Why does the SSA case sometimes have two solutions?
With SSA, you compute an angle from a sine value. Sine can match the same value at two different angles between 0° and 180°. If both angles create a valid triangle (with angles summing to 180°), you get two possible triangles.
What happens if the calculator says there is no valid triangle?
That message usually means the inputs contradict triangle geometry. For SSA, it can happen when the computed sine value is greater than 1 or less than 0, which is impossible for real angles. For SSS-like inputs, it may fail if angles cannot sum correctly.
Does the Law of Sines work for right triangles?
Yes. For a right triangle, one angle is 90°, so its opposite side uses sin(90°) = 1. The Law of Sines still applies and gives the same relationships you would get from the Pythagorean theorem and basic trig identities.
How accurate are the results?
The calculator computes using standard floating-point math and rounds to a reasonable number of decimal places.
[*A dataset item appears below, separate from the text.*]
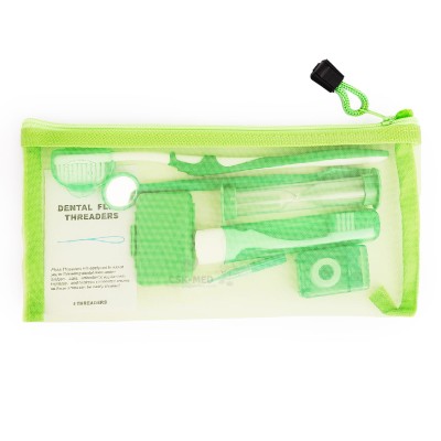- opakowanie: szczoteczka do zębów 1szt., szczoteczka podróżna, składana 1szt., lusterko stomatologiczne 1szt., klepsydra do odmierzania czasu mycia zębów (2 min) 1szt., wosk ortodontyczny 1szt., nić ortodontyczna (5 odcinków), szczoteczka międzyzębowa 1 szt.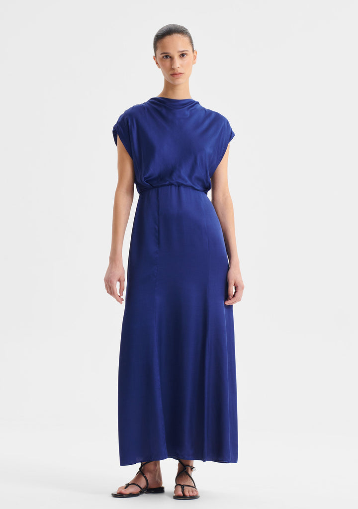 The Fredrika Dress showcases soft structure and elegant detail in a silk blend satin. Featuring a high neck and keyhole tie opening, it’s defined by gathering from one shoulder and waist tucks that create a flattering drape. A slight swing midi hem completes this timeless, feminine silhouette.

If you check that angles add to 180°, you may see tiny differences due to rounding. For most school and engineering tasks, this accuracy is more than sufficient.
Bottom line
The Law of Sines Calculator gives you a fast, consistent way to solve for missing triangle angles and sides. Use it with correct angle/side pairing, pick the right input units, and handle SSA carefully when two solutions are possible.